# I found one of these today!



## showmeyote (Dec 12, 2010)

http://www.gunbroker.com/Auction/ViewItem.aspx?Item=225141495
Found some info on google, but all the info i have found is for .22short,long and long rifle. There is a short only.
The one I found today has long rifle only. If any one might stumble on some info, i would greatly appreciate it.


----------



## bones44 (Jan 7, 2011)

What a neat gun. Obviously not all that common. Check ebay for manuals and such. You'd really be surprised on what you find on there. Good luck on the search !!


----------



## youngdon (Mar 10, 2010)

Savage is their parent company and may be able to help you out. I'd start there.


----------



## showmeyote (Dec 12, 2010)

youngdon said:


> Savage is their parent company and may be able to help you out. I'd start there.


Don, I would do that but I have researched that J Stevens burnt down some time ago. And all known serial #s went with it.

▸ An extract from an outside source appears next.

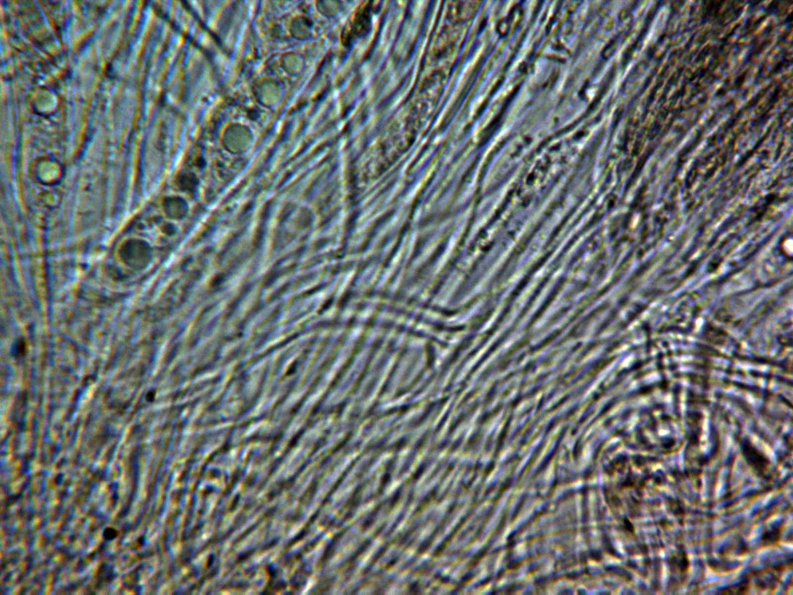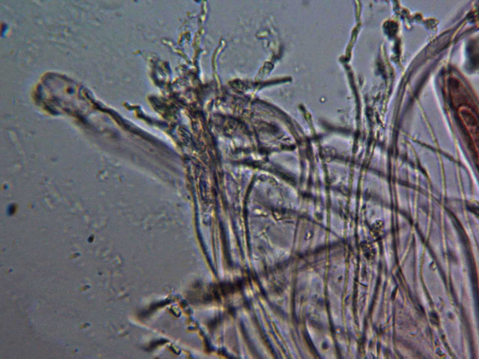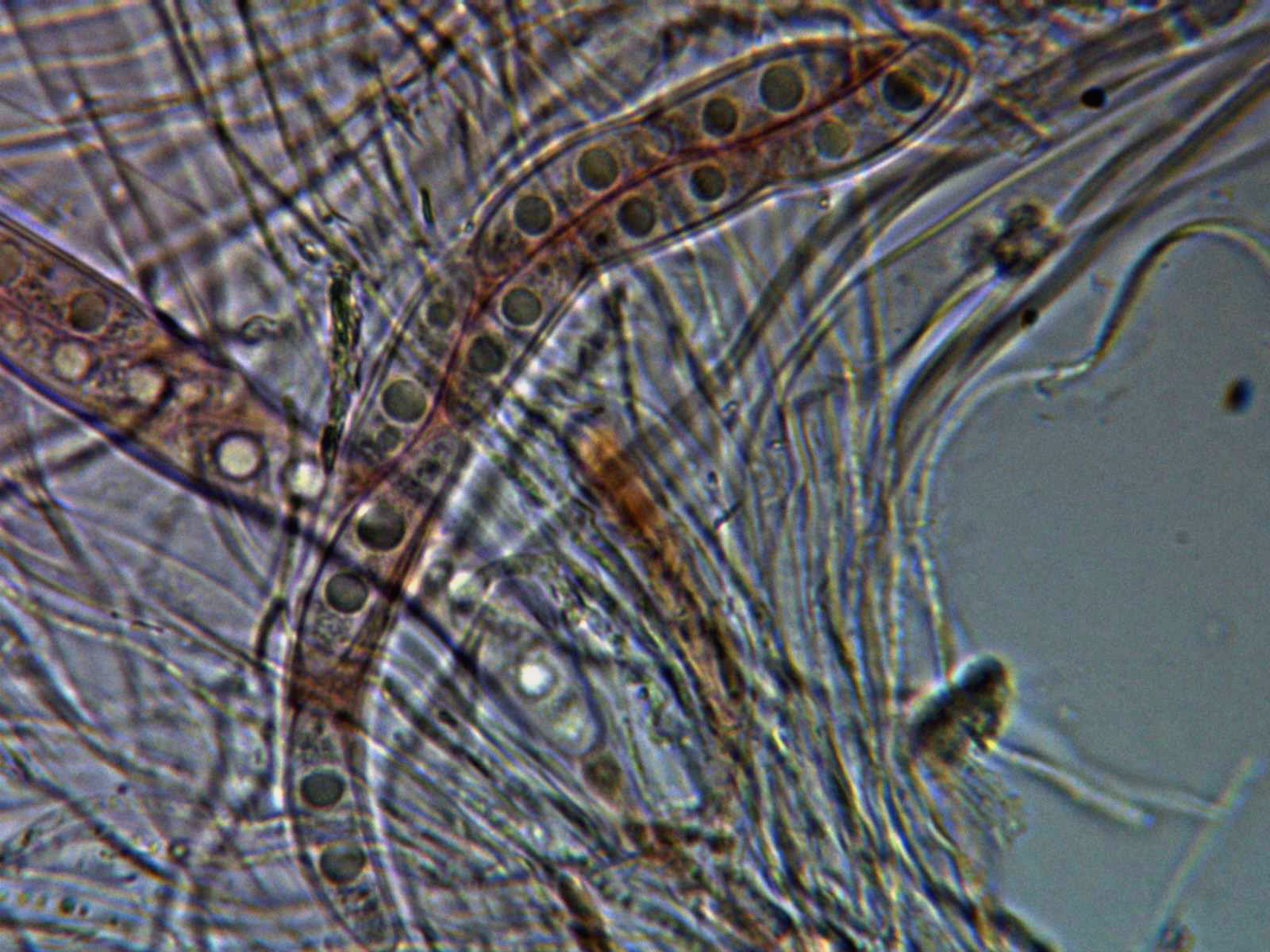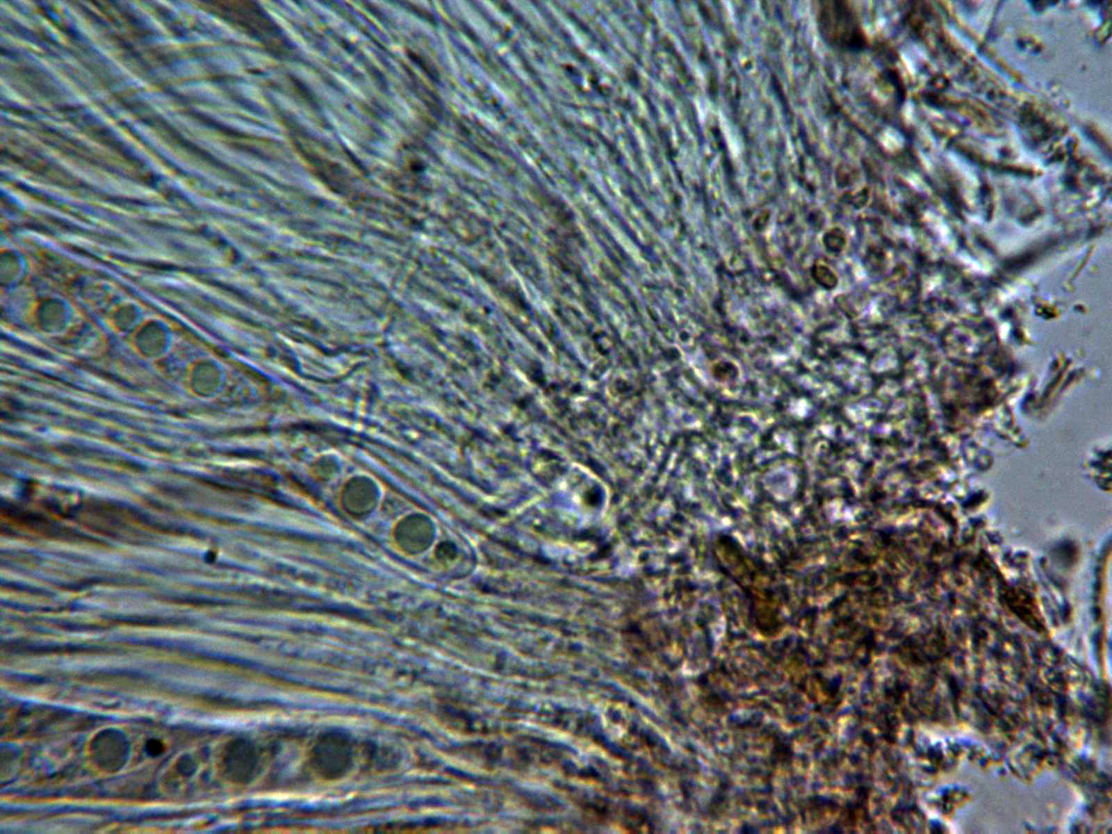 Paráfisis muy abundantes, filiformes, de muy pequeño grosor y sobresaliendo por encima del nivel de las ascas.
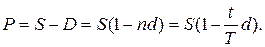 Следует заметить, что дисконтирование может быть связано и с проведением кредитной операции. В таком случае проценты начисляются в начале интервала начисления и заемщик получает сумму Р за вычетом процентных денег D из суммы кредита S, подлежащей возврату. В таком случае при проведении операции по простой учетной ставке d следует пользоваться такой формулой:

So not sure what I got!


----------



## youngdon (Mar 10, 2010)

I'll bet that Savage has a historian that may be able to put you on the right track.


----------



## lucas_shane (Jan 25, 2011)

I think my grandad has one just like it. Ill check the next time Im up there.

I agree call Savage and see what they say......they cant eat you....lol


----------



## youngdon (Mar 10, 2010)

Well... they could... but we would stop buying their guns.... unless they had a sale, or even a special, or put it in a pretty brown box.


----------



## lucas_shane (Jan 25, 2011)

youngdon said:


> Well... they could... but we would stop buying their guns.... unless they had a sale, or even a special, or put it in a pretty brown box.


Im partial to my savage rifles !! They shoot great and priced right !


----------



## bones44 (Jan 7, 2011)

Don't forget the pretty brown box Luke....... LOL


----------



## lucas_shane (Jan 25, 2011)

They come in a box ? man you must be buying tha high end savages....lol


----------



## youngdon (Mar 10, 2010)

Dude !! No box ? You got ripped !


----------



## lucas_shane (Jan 25, 2011)

LMBO !! I usually leave the box on the counter. man I knew I was forgetting something


----------